* **What this task involves**
The result should be an exact copy of only the lines from the one with "seedlings per pot." through the last line of the data below, with pictures omitted.

* **Stored entries**
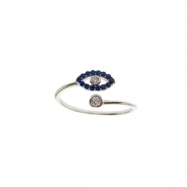 Υλικό: Ασήμι 925 Size: EU 54 (Ανοιγόμενο / Open end) Δαχτυλίδι με μαύρο μάτι και ζιργκόν
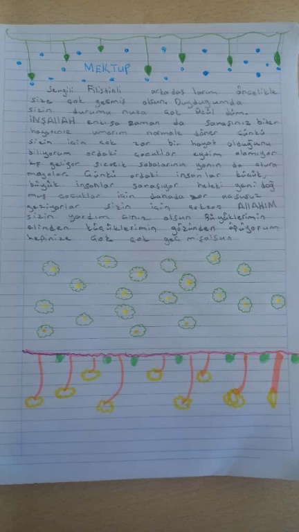 7 Ekim günü okulumuz öğretmen ve öğrencileri tarafından FİLİSTİN de yapılana İsrail zulmüne dikkat çekmek amacıyla çeşitli etkinlikler gerçekleştirilmiştir. Etkinliklere katılım sağlayan tüm öğretmen ve öğrencilerimize teşekkür ediyoruz.
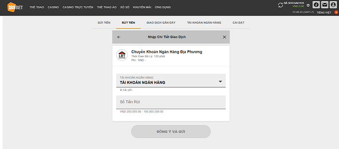 Người chơi cần phải nhập đầy đủ thông tin theo yêu cầu của hệ thống. Sau đó bạn nhập số tiền muốn rút và bấm vào ô “Chuyển” là hoàn tất. Bây giờ chỉ cần chờ hệ thống 188Bet xác nhận và chuyển tiền vào tài khoản ngân hàng cho bạn.
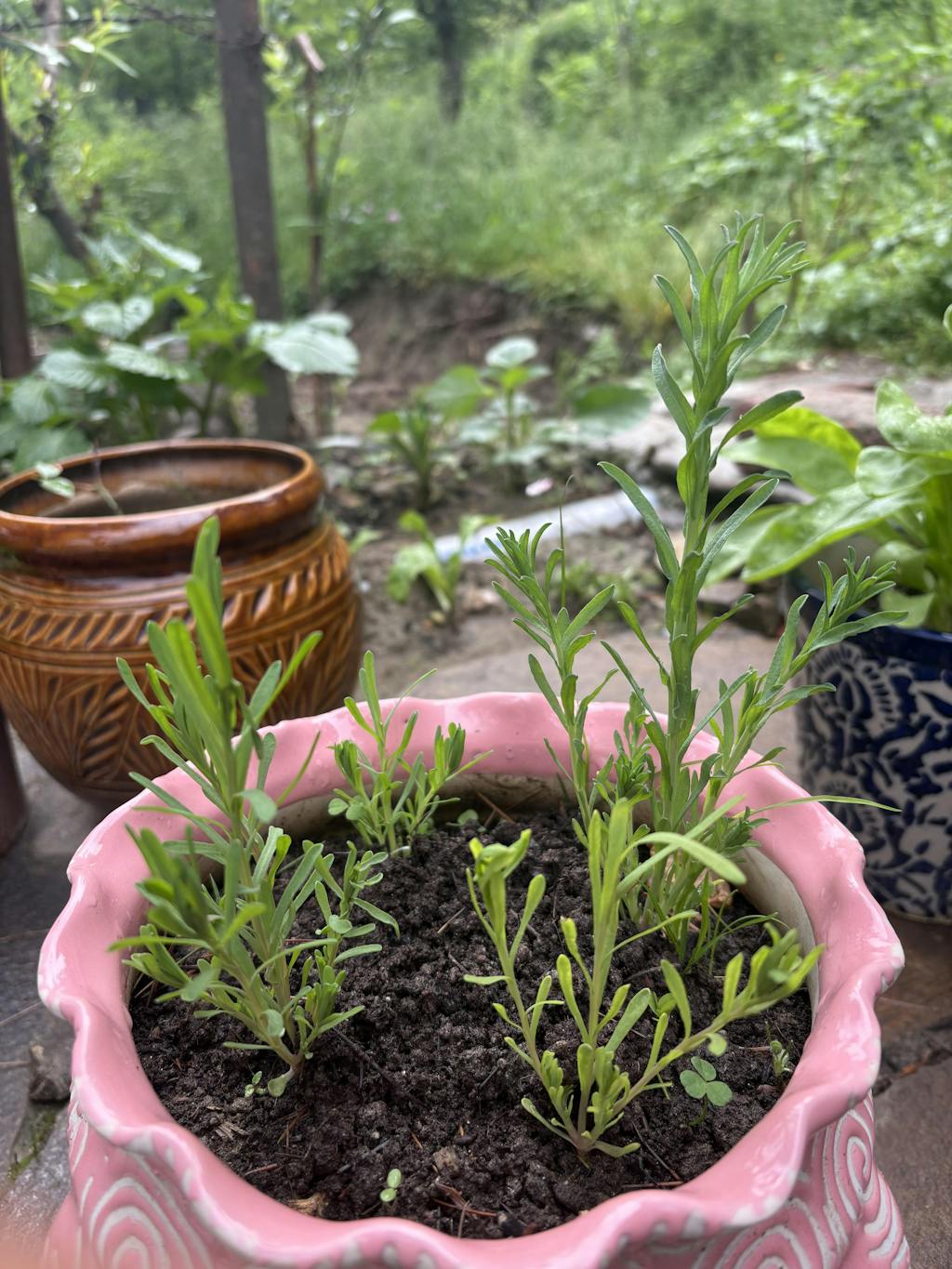 • Plant 2–3 seedlings per pot.
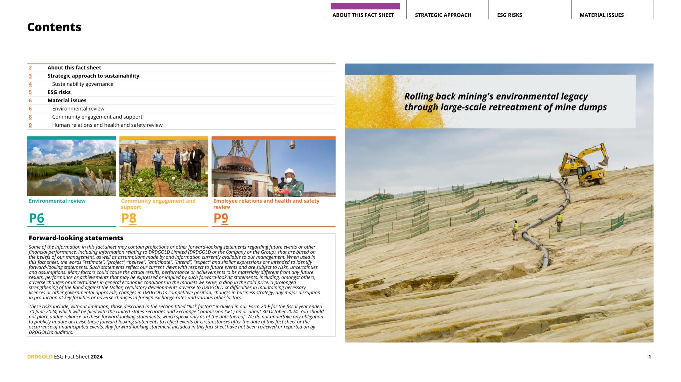 2关于本概况介绍3可持续发展战略方法4可持续发展治理5 ESG风险6重大问题6环境审查8社区参与和支持9人的关系和健康与安全审查环境审查社区参与和支持员工关系和健康与安全审查P6 P8 P9前瞻性陈述本概况介绍中的一些信息可能包含关于未来事件或其他财务业绩的预测或其他前瞻性陈述,包括与DRDGOLD Limited(DRDGOLD或公司或集团)相关的信息,这些信息基于我们管理层的信念,以及我们管理层做出的假设和目前可获得的信息。在这份概况介绍中,“估计”、“项目”、“相信”、“预期”、“打算”、“预期”和类似表述旨在识别前瞻性陈述。此类声明反映了我们目前对未来事件的看法,并受到风险、不确定性和假设的影响。许多因素可能导致实际结果、业绩或成就与此类前瞻性陈述可能明示或暗示的任何未来结果、业绩或成就存在重大差异,其中包括(其中包括)我们所服务的市场的总体经济状况的不利变化或不确定性、金价下跌、兰特兑美元汇率长期走强、对DRDGOLD不利的监管发展或难以维持必要的许可或其他政府批准、DRDGOLD竞争地位的变化、业务战略的变化,关键设施生产的任何重大中断或外汇汇率和各种其他因素的不利变化。这些风险包括但不限于我们截至2024年6月30日的财政年度的20-F表格中标题为“风险因素”一节中描述的风险,该表格将于2024年10月30日左右提交给美国证券交易委员会(SEC)。您不应过分依赖这些前瞻性陈述,这些陈述仅在发布之日起生效。我们不承担任何义务公开更新或修改这些前瞻性陈述,以反映本概况介绍日期之后的事件或情况或意外事件的发生。本概况介绍中包含的任何前瞻性陈述均未经DRDGOLD的审计师审查或报告。关于本概况介绍战略方法ESG风险重大问题目录DRDGOLD ESG概况介绍2024 1通过对矿场倾倒场进行大规模再处理,回滚矿业的环境遗产
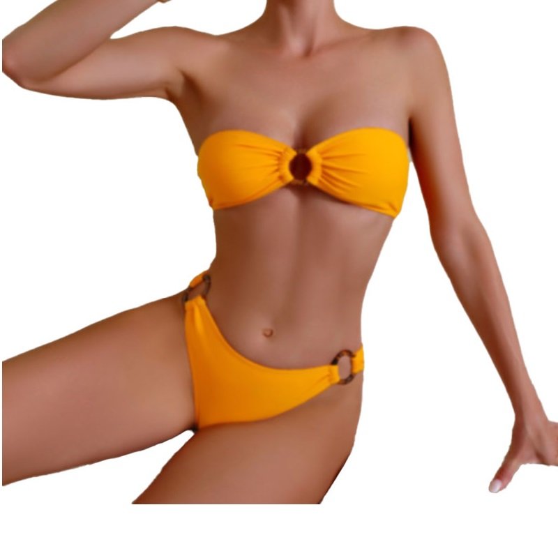 Μοντέρνο εντυπωσιακό μονόχρωμο Μπικίνι σετ με φραμπαλάδες
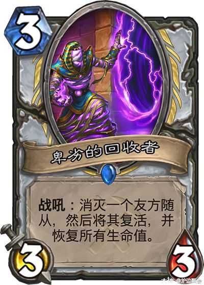 回收者可以配合克隆大师和渗透者。同时能优化冥神的复活池。前面说过苦修除了解场和做任务以外,也可以用来触发克隆大师效果。推荐喜欢中速套牌的玩家尝试。

* **Task answer**
 • Plant 2–3 seedlings per pot.
 2关于本概况介绍3可持续发展战略方法4可持续发展治理5 ESG风险6重大问题6环境审查8社区参与和支持9人的关系和健康与安全审查环境审查社区参与和支持员工关系和健康与安全审查P6 P8 P9前瞻性陈述本概况介绍中的一些信息可能包含关于未来事件或其他财务业绩的预测或其他前瞻性陈述,包括与DRDGOLD Limited(DRDGOLD或公司或集团)相关的信息,这些信息基于我们管理层的信念,以及我们管理层做出的假设和目前可获得的信息。在这份概况介绍中,“估计”、“项目”、“相信”、“预期”、“打算”、“预期”和类似表述旨在识别前瞻性陈述。此类声明反映了我们目前对未来事件的看法,并受到风险、不确定性和假设的影响。许多因素可能导致实际结果、业绩或成就与此类前瞻性陈述可能明示或暗示的任何未来结果、业绩或成就存在重大差异,其中包括(其中包括)我们所服务的市场的总体经济状况的不利变化或不确定性、金价下跌、兰特兑美元汇率长期走强、对DRDGOLD不利的监管发展或难以维持必要的许可或其他政府批准、DRDGOLD竞争地位的变化、业务战略的变化,关键设施生产的任何重大中断或外汇汇率和各种其他因素的不利变化。这些风险包括但不限于我们截至2024年6月30日的财政年度的20-F表格中标题为“风险因素”一节中描述的风险,该表格将于2024年10月30日左右提交给美国证券交易委员会(SEC)。您不应过分依赖这些前瞻性陈述,这些陈述仅在发布之日起生效。我们不承担任何义务公开更新或修改这些前瞻性陈述,以反映本概况介绍日期之后的事件或情况或意外事件的发生。本概况介绍中包含的任何前瞻性陈述均未经DRDGOLD的审计师审查或报告。关于本概况介绍战略方法ESG风险重大问题目录DRDGOLD ESG概况介绍2024 1通过对矿场倾倒场进行大规模再处理,回滚矿业的环境遗产
 Μοντέρνο εντυπωσιακό μονόχρωμο Μπικίνι σετ με φραμπαλάδες
 回收者可以配合克隆大师和渗透者。同时能优化冥神的复活池。前面说过苦修除了解场和做任务以外,也可以用来触发克隆大师效果。推荐喜欢中速套牌的玩家尝试。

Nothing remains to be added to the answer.